**TASK DETAILS**
Drop the images, then output the listing exactly.

**DATA PROVIDED**
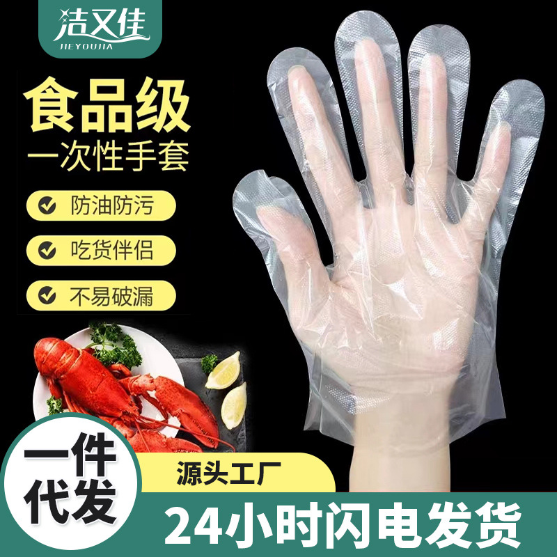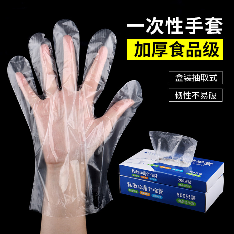 使い捨て手袋食品級専用飲食美容業務用理髪店手膜カバーpeキッチン用厚手卸売り
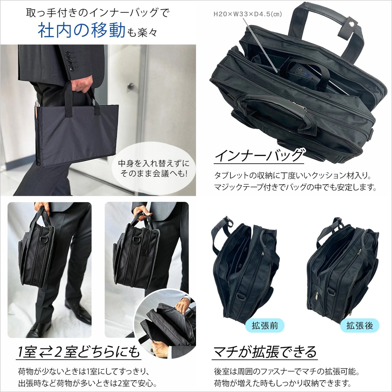 ・2室構造で荷物の仕分けがしやすくマチ幅を広げられる拡張機能付き 通勤から出張まで幅広く活躍
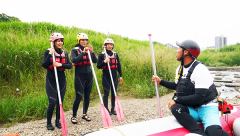 | 【4】スタート地点へ移動 | <午前の部>9:10 / <午後の部>14:00 ガイドと一緒にスタート地点へ徒歩5分程移動していただきます。 スタート地点では、RAJ(ラフティング協会)認定指導員監修の下で制作された安全説明を聞いていただき、 楽しみ方も危険回避の方法もしっかり覚えていただきます。 漕ぎ方の説明や、ボートへの乗り方など安全で楽しいツアーを行っていただくため、 また初めての方でも安心してご参加いただけるように担当ガイドが丁寧にご案内いたします。 しっかりと聞いてくださいね。 |

**OUTPUT FOR THIS TASK**
 使い捨て手袋食品級専用飲食美容業務用理髪店手膜カバーpeキッチン用厚手卸売り
 ・2室構造で荷物の仕分けがしやすくマチ幅を広げられる拡張機能付き 通勤から出張まで幅広く活躍
 | 【4】スタート地点へ移動 | <午前の部>9:10 / <午後の部>14:00 ガイドと一緒にスタート地点へ徒歩5分程移動していただきます。 スタート地点では、RAJ(ラフティング協会)認定指導員監修の下で制作された安全説明を聞いていただき、 楽しみ方も危険回避の方法もしっかり覚えていただきます。 漕ぎ方の説明や、ボートへの乗り方など安全で楽しいツアーを行っていただくため、 また初めての方でも安心してご参加いただけるように担当ガイドが丁寧にご案内いたします。 しっかりと聞いてくださいね。 |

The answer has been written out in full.